In a speech that morning, Republican Senate Majority Leader Bob Dole had just denounced the president for vetoing a ban of certain late-term abortions.

Clinton was quickly alerted, and by noon he was ready with an impassioned counteroffensive, delivered with a reddened face and wagging finger in a news conference from Milwaukee’s City Hall.

The lightning-fast response all but overshadowed Dole’s original charge and offered a taste of the aggressively reactive campaign that Clinton’s team is assembling.

Like a team protecting its lead early in the game, the Clinton strategy is to anticipate Dole’s moves, respond vigorously to each attack, and pre-empt Republican ideas wherever possible.

Days before Dole unveiled his welfare reform proposals, Clinton endorsed almost identical measures.

When Dole pushed for repeal of the 4.3-cent per gallon gas tax, Clinton agreed to go along, so long as Congress passes a 90-cent increase in the minimum wage.

As Republicans assail the federal bureaucracy, Clinton hearkens to the theme which he adopted early this year, that “the era of big government is over.”

“I’m glad that we proved that the Democratic Party is not the party of big government,” he asserted to fellow party members at a $2.3 million political fund-raising dinner last week in Stamford, Conn.

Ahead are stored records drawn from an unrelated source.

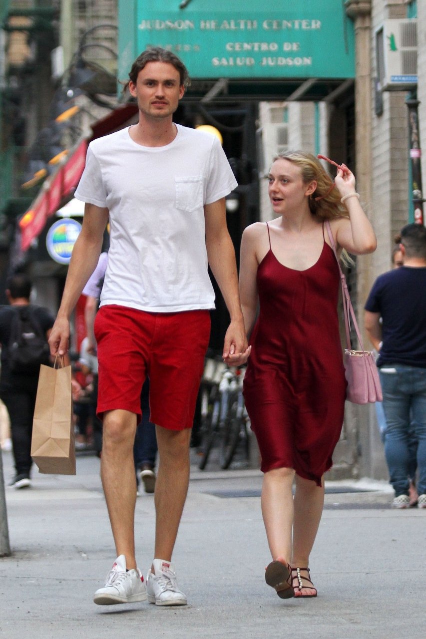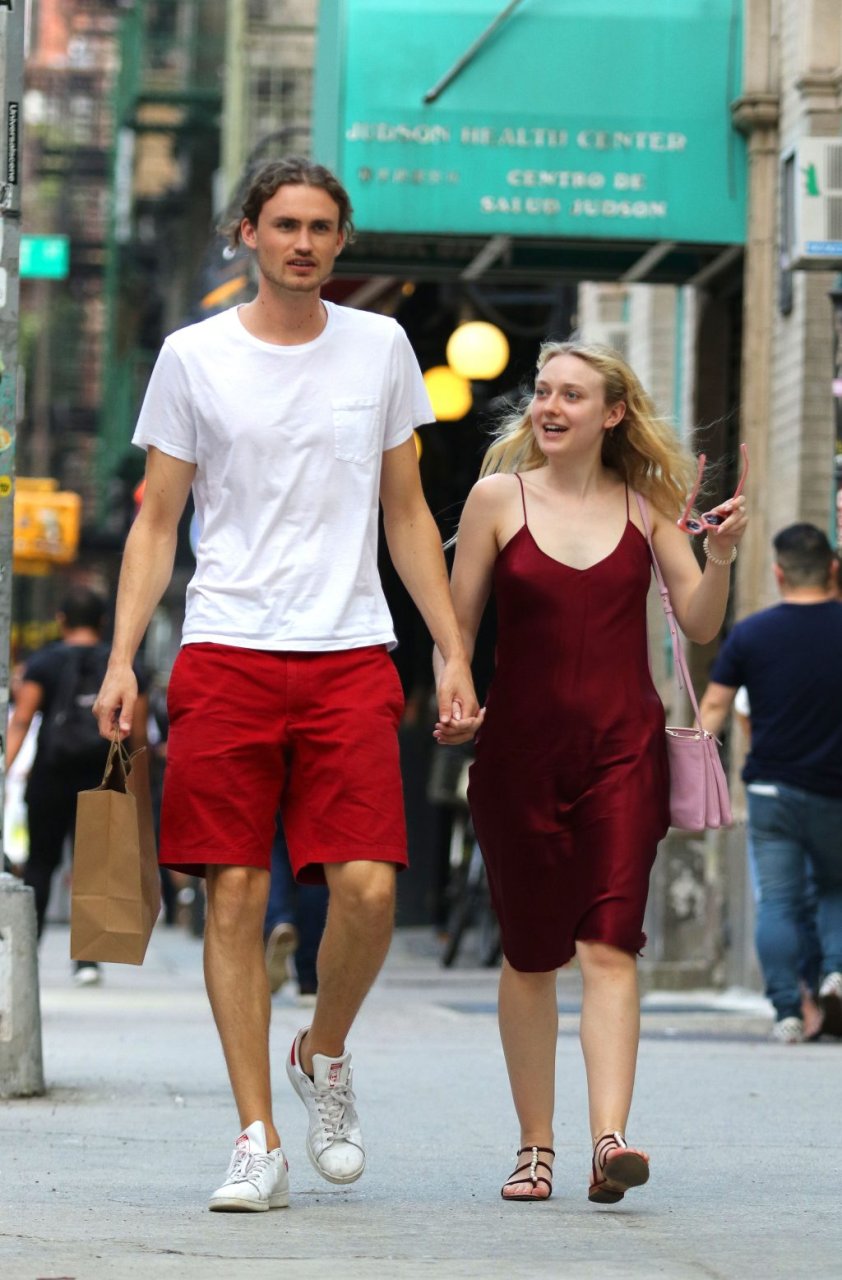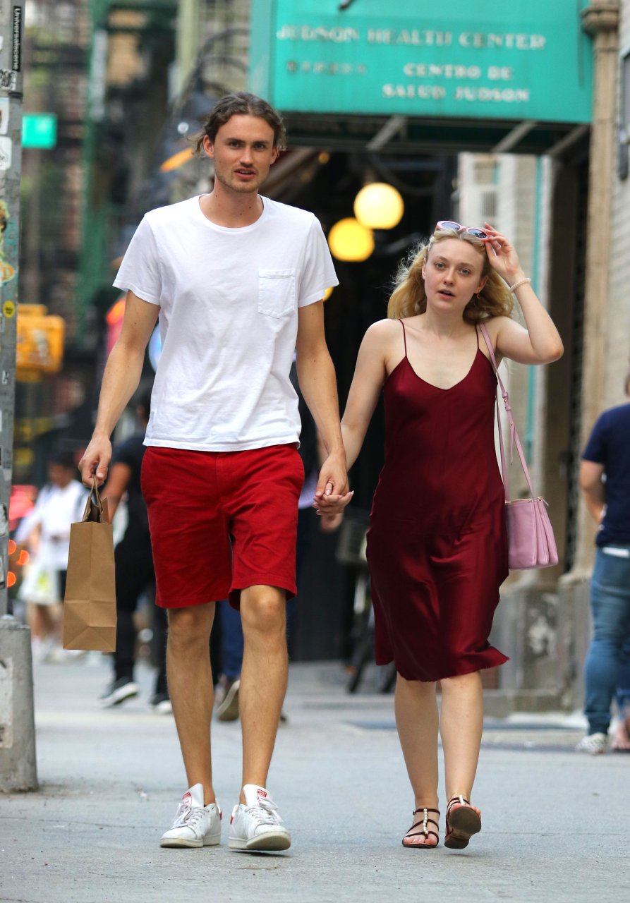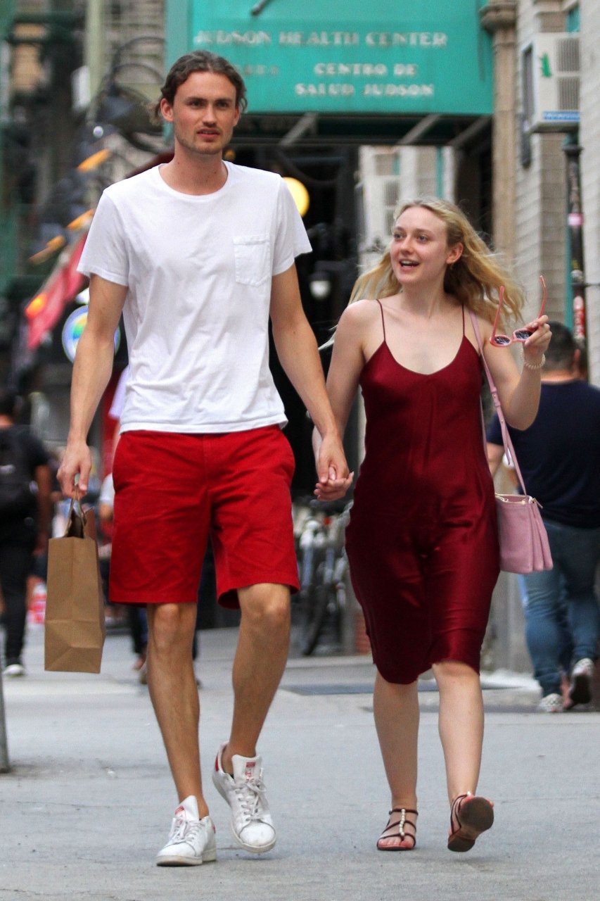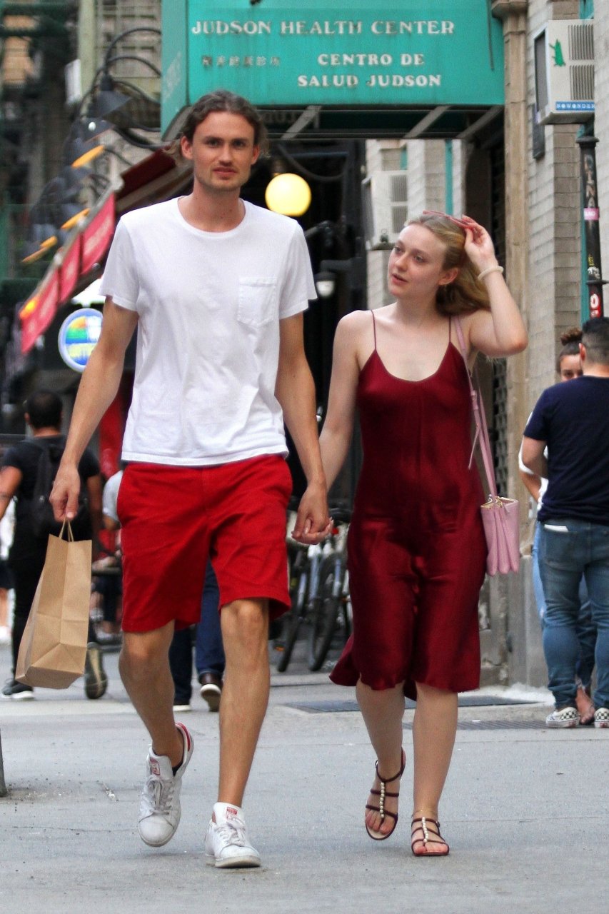 Actriz Dakota Fanning y su novio Henry Frye se toman de la mano mientras pasean románticamente después de cenar en el barrio Soho de Manhattan, 27/08/2018.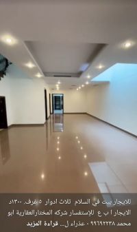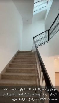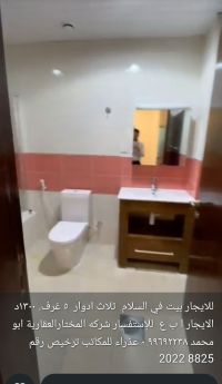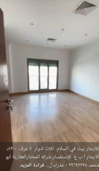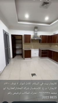 For rent: a house in Al-Salam area with three floors, 5 rooms, for 1300 dinars. For inquiries, contact Al-Mukhtar Real Estate Company, Abu Muhammad. License number: 20228825.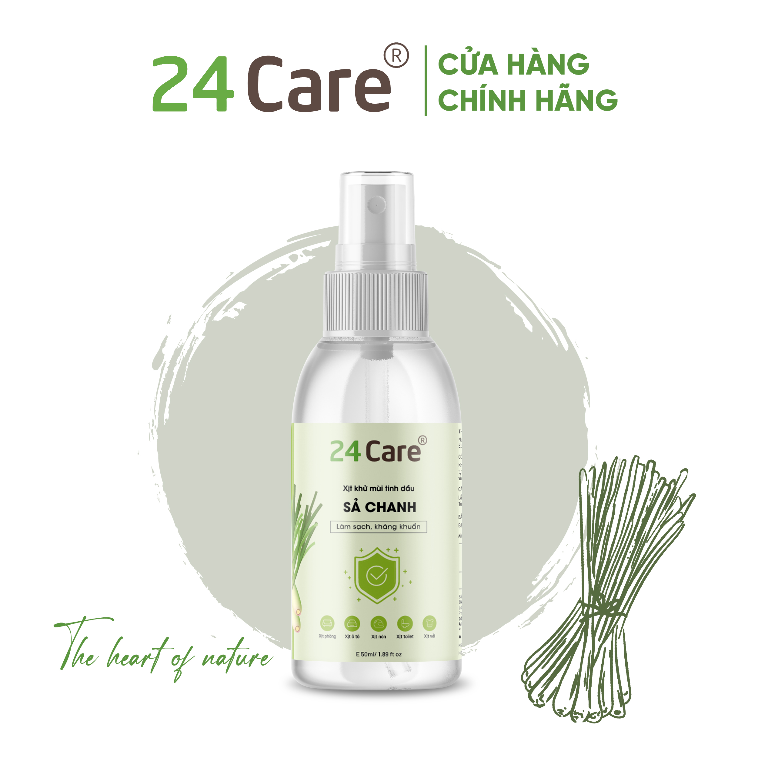 - Sả chanh: Với thành phần đặc biệt, tinh dầu sả chanh có khả năng kháng khuẩn, kháng nấm, làm sạch hiệu quả, giúp khử mùi và luôn thơm tho. Mùi hôi, mùi khó chịu có thể khiến mọi người ngượng ngùng, tạo ra khoảng cách giữa các mối quan hệ. Không những vậy, mùi khó chịu ấy, bắt nguồn từ các vi khuẩn gây mùi, vi khuẩn gây bệnh có hại cho sức khỏe. Việc ngại đi vệ sinh ở những nơi công cộng, nhịn uống nước dẫn đến việc thải độc trong cơ thể trở nên khó khăn, gây nên các bệnh nguy hiểm. Với mùi hương dịu nhẹ cộng thêm tính khuếch tán nhanh và mạnh mẽ, tinh dầu Sả Chanh 24Care sẽ giúp bạn khử mùi hôi nhanh chóng, hơn thế nữa còn tiêu diệt và ngăn ngừa sự phát triển của nấm mốc, đồng thời còn làm sạch bầu không khí trong gia đình của bạn, giúp tinh thần được thư giãn và cân bằng hơn. Ngăn chặn mọi loại mùi khiến bạn ngượng ngùng, khó chịu, diệt khuẩn, tiệt trùng chính là điều mà 24Care tích hợp đủ để phục vụ nhu cầu thiết yếu của bạn. Với mùi hương nhẹ nhàng, tươi mới, ngọt dịu và lắng đọng của Sả Chanh có khả năng tiêu diệt mọi vi khuẩn và phân tử gây mùi, cùng hương thơm như buổi sáng sớm, xốc lại một tinh thần phấn chấn, tăng hiệu suất làm việc, giảm cảm giác buồn nôn chống mặt khi bị sốc mùi. Công dụng: Có tác dụng tuyệt vời trong xua đuổi muỗi, mùi hương dễ chịu, giảm stress đem đến không gian thoải mái, giúp bạn sinh hoạt, học tập và làm việc hiệu quả. An toàn cho sức khỏe. Bảo quản: Bảo quản nơi khô ráo, tránh ánh nắng mặt trời. Hướng dẫn sử dụng: Dùng Xịt phòng kháng khuẩn 24Care để xịt vào mọi không gian trong nhà bạn để khử mùi và làm sạch bạn nhé! Xịt phòng kháng khuẩn 24Care cũng phù hợp cho không gian nhà bếp, nhà vệ sinh và xe ô tô.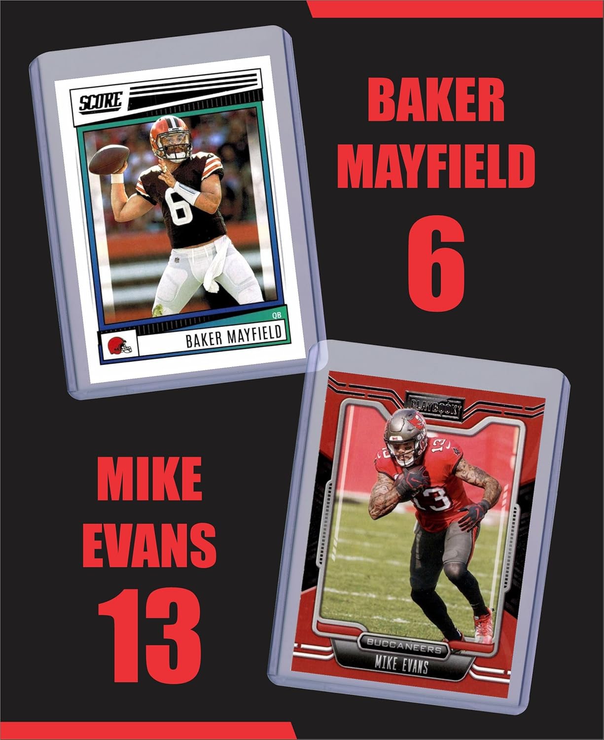 GUARANTEED – to include one card each of Baker Mayfield, Mike Evans, Chris Godwin, Rachaad White, Lavonte David, Bucky Irving, and Cade Otton. Exact card of each player varies and may include cards in a past team jersey.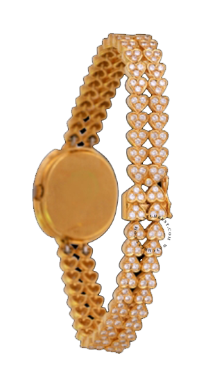 18K黃金材質。橢圓形錶殼,每一鍊都由三顆白鑽鑲成心型。

Such declarations leave the president vulnerable to charges of inconstancy as he readjusts and fine tunes positions. In Milwaukee, Clinton bristled at suggestions that he was undergoing election-year revamping.

Yet Clinton has yet to outline a clear picture of what he would do in a second term.

“This election, like all elections, is about the future,” he said last week as he offered only a vague description of a government that would be smaller but more activist.

One of the president’s top political aides, White House deputy chief of staff Harold Ickes, offered no specifics about Clinton’s priorities for the next four years.

“Basically, it is keeping a strong economy” in part by keeping world trade markets open, Ickes told reporters last week, adding that education would also be important.

Lacking a bold new vision, Clinton still holds a key advantage in the potent symbols of the office he occupies.

Dole can visit veterans hospitals, as he has, as a reminder that he was severely injured in World War II and Clinton avoided military service.

But Clinton has the constitutional job of commanderin-chief. On Memorial Day, it will be Clinton who lays the wreath at the Tomb of the Unknowns at Arlington National Cemetery.